Dataset excerpt:
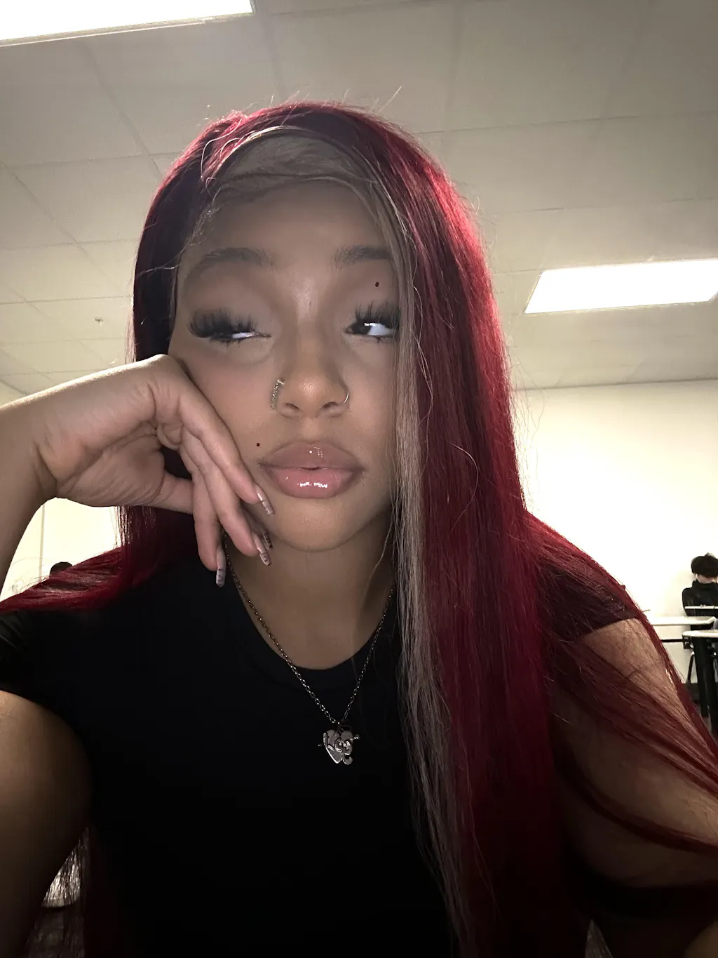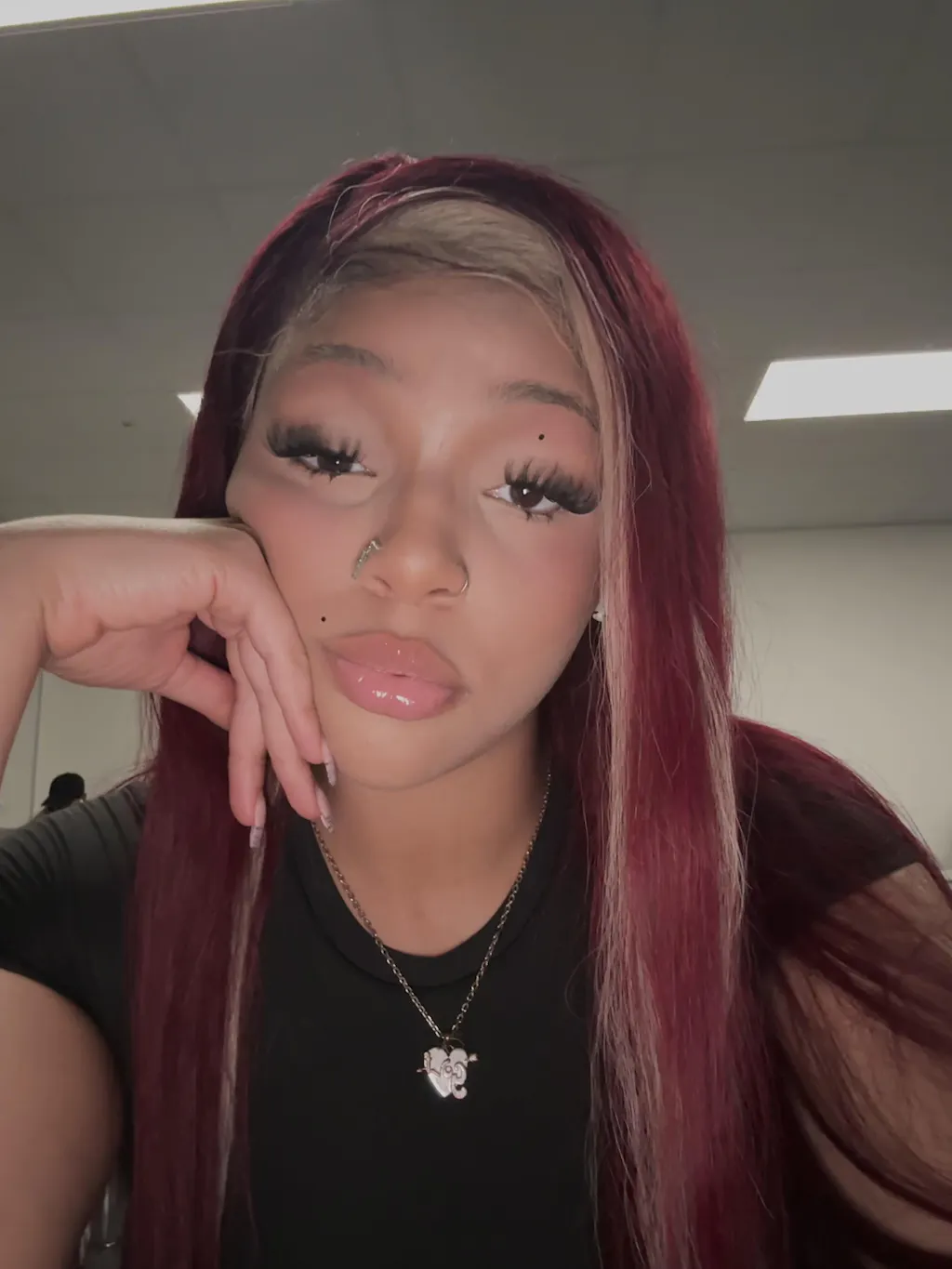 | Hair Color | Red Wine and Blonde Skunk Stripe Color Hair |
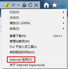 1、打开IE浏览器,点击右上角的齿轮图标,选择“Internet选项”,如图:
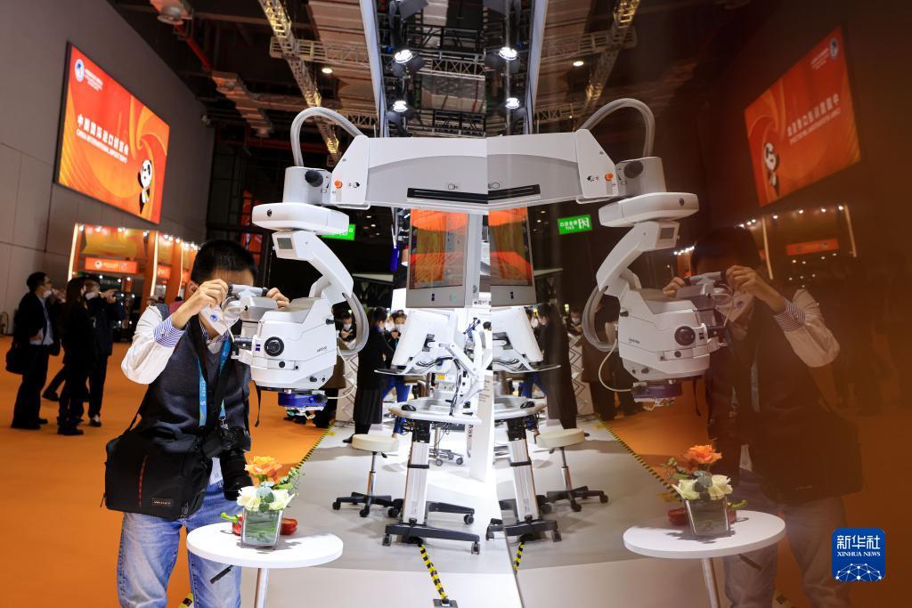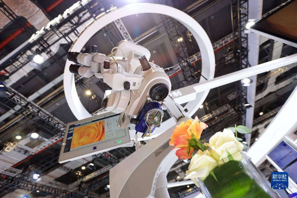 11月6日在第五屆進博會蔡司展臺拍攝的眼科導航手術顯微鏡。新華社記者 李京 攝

Work order: Leave the pictures out and output the rest of the data word for word.

Expected answer:
 | Hair Color | Red Wine and Blonde Skunk Stripe Color Hair |
 1、打开IE浏览器,点击右上角的齿轮图标,选择“Internet选项”,如图:
 11月6日在第五屆進博會蔡司展臺拍攝的眼科導航手術顯微鏡。新華社記者 李京 攝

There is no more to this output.